Aug 282009

Ain’t life grand when you have the luxury of throwing a pizza in the oven on a Friday night? And isn’t it even better when that pizza is homemade? We definitely hold by that line in our house.

Kneading the dough
Nikon D50

I’ve always eschewed the line “Even when it’s bad, it’s still pizza” (quit rolling your eyes, I know that comes as no surprise whatsoever if you’ve even spent two minutes reading this blog) and I take great joy in making every component for my pizza that I can. Really, it’s the only way you know you’re going to get a good one.

A fresh harvest of basil from the garden
Nikon D50

I love to use pesto as a base for pizza, especially in the summer. Few things give me more pleasure than shearing my basil plants (Fred has recovered from his confined-to-a-pot days and is loving all the room he has to stretch his roots, for those of you who had met him when he wasn’t looking so hot), bringing the green stuff inside, and pulling the leaves off the stems. It fills the kitchen with a wonderful aroma!

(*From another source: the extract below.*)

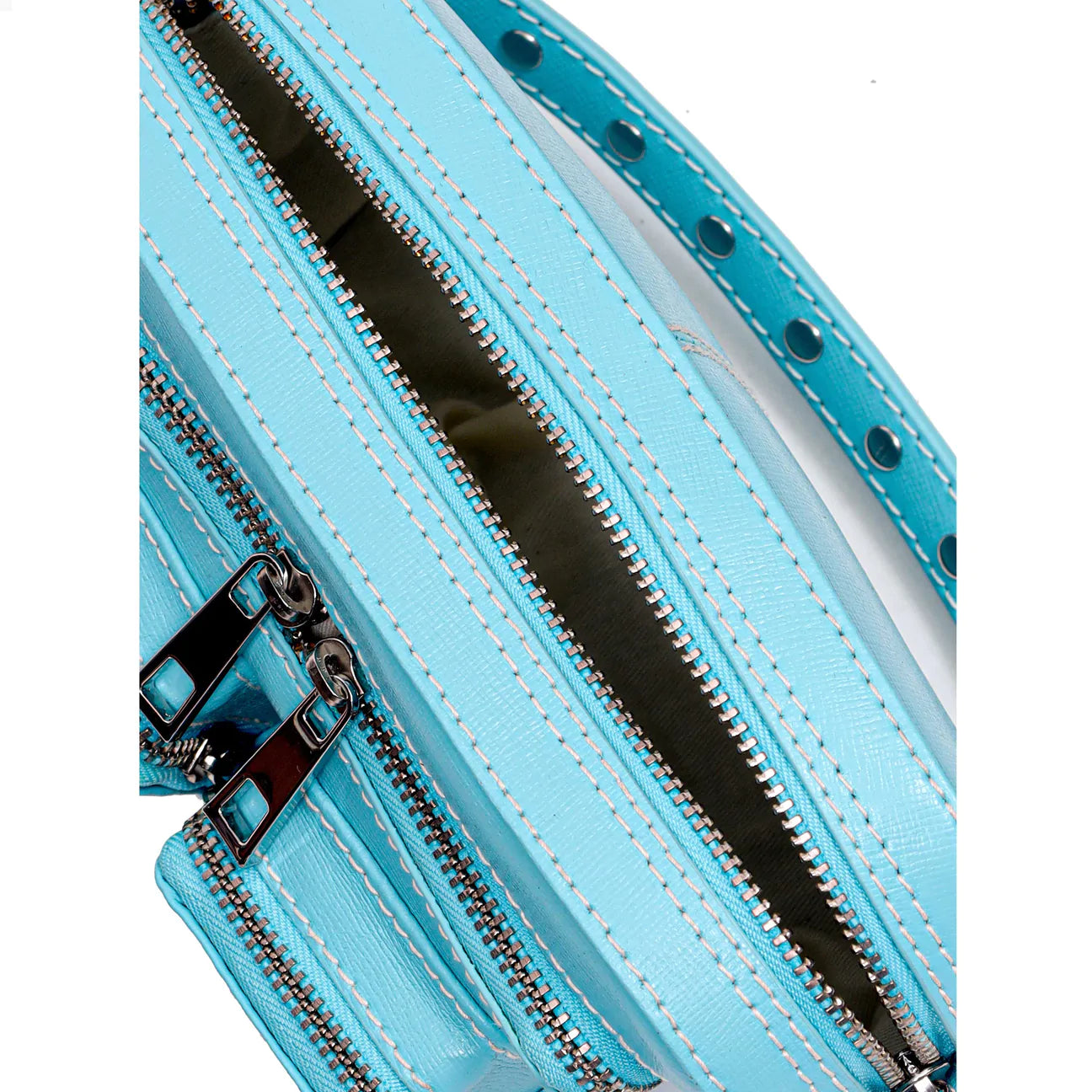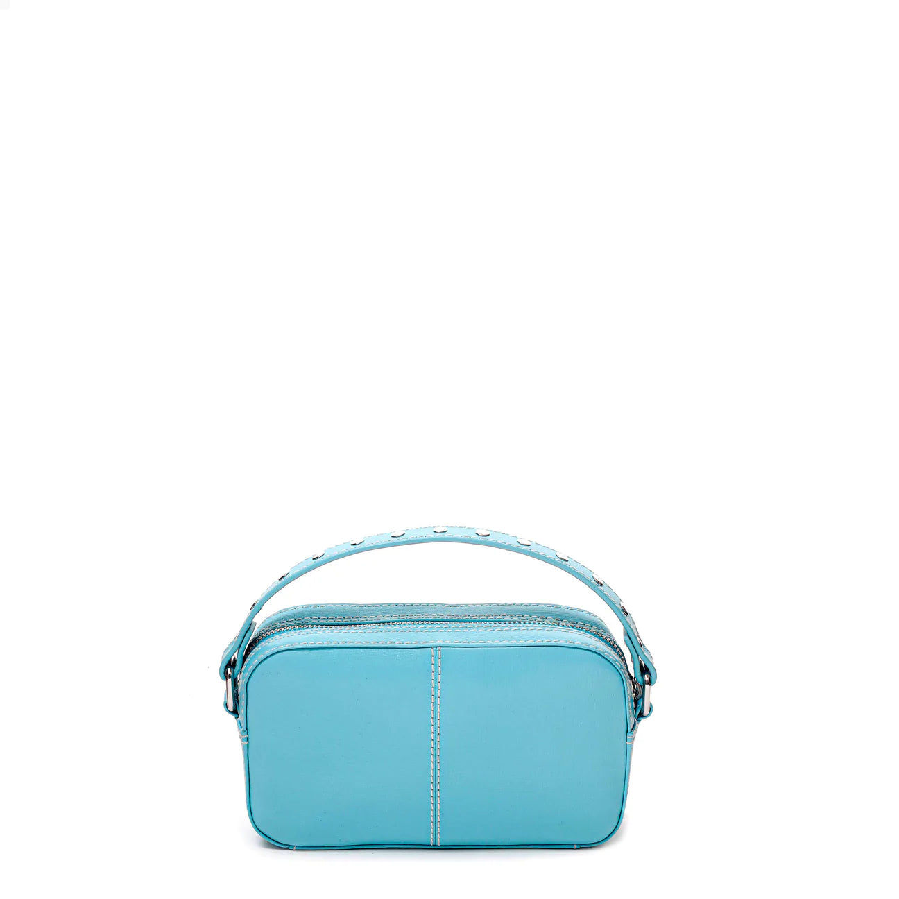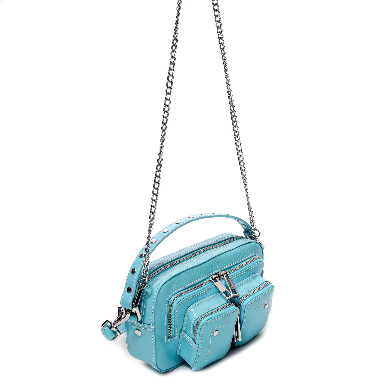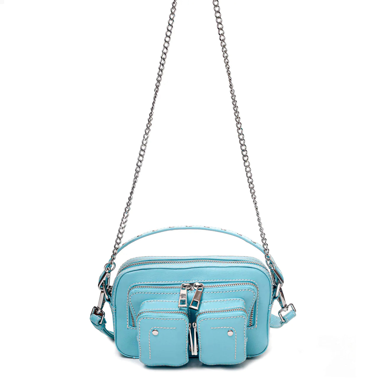 The Helena Bag by Danish Label, Núnoo, has a main compartment and two small compartments on the front of the bag. The bag closes with a zipper. This style comes with an adjustable leather strap and a chain. Also Available in Ibiza Light Green, NZ Black with Studs, NZ Yellow with Studs and NZ White with Studs.

Whole unpeeled garlic cloves toast on the stove
Nikon D50

The only problem with fresh pesto is that it’s really easy to overdo it on the garlic, especially if you’re like me and habitually triple – at a minimum – the amount of the tasty stuff called for in a recipe. Luckily, I ran across a technique with which you toast the unpeeled garlic cloves on the stove to mellow out that bite it’s known for. It works like a charm and I no longer have to work about whether or not I’m going to OD on garlic. You just have to make sure to toast up enough so that you have extra to put on top of the pizza!

It's done!!!
Nikon D50

The only thing left to do is to load it up with other high-quality ingredients. Once you’ve done all of this, you’ll have created a pizza night to remember!

It's done!!!
Nikon D50

Chicken pesto pizza
Pesto recipe modified from July 1996 Cook’s Illustrated. Pizza concept is a Jitterbean Original.
Serves 2-3

Half of the pizza dough recipe from “Pizza Margherita, take due
1/4 cup plus two tablespoons pine nuts
7 medium garlic cloves, shed of excess papery skin but not completely peeled
2 cups lightly packed fresh basil leaves
2 tablespoons extra-virgin olive oil
1/4 cup freshly grated Parmesan cheese
8oz fresh high-quality mozzarella cheese, preferably mozzarella di bufala, pinched off into small chunks
6oz leftover roasted chicken, torn, shredded, or cut into small pieces
1/4 cup julienned sun-dried tomatoes
Half of a 6oz jar of artichoke hearts, rinsed, drained, and chopped
For the pesto:

Toast the nuts in a small, heavy skillet over medium heat, stirring frequently, until just golden and fragrant, about 5 minutes; set aside, separating the 1/4 cup from the 2 tablespoons. Add the garlic to the empty skillet and toast over medium heat, shaking the pan occasionally, until fragrant and the color of the cloves deepens slightly, about 7 minutes. Let the garlic cool slightly, then peel, and chop, separating three cloves from the other four.

For the pizza:

Process 1/4 cup of the nuts, 3 cloves of the garlic, basil, and oil, in a food processor until smooth, stopping as necessary to scrape down the sides of the bowl, about 1 minute. Stir in the Parmesan and season with salt and pepper to taste.
Prepare the dough as specified through step four. If the dough will not stretch and stay at your desired diameter and thickness, cover it with a damp kitchen towel and let the dough rest for 20 minutes. Once the dough is ready, sprinkle cornmeal or semolina flour on a pizza peel and put the dough on it.
Fold over the edges of the dough to form the end of the crust. Spread the pesto in an even layer over the dough and top with the mozzarella. Follow with the chicken, sun-dried tomatoes, artichoke hearts, 2 tablespoons of pine nuts, and four chopped garlic cloves.
Using a rapid jerking motion, transfer the pizza from the peel to the baking stone and bake for 10 minutes, or until the crust and cheese are browned. Remove from the oven, cool slightly, and serve.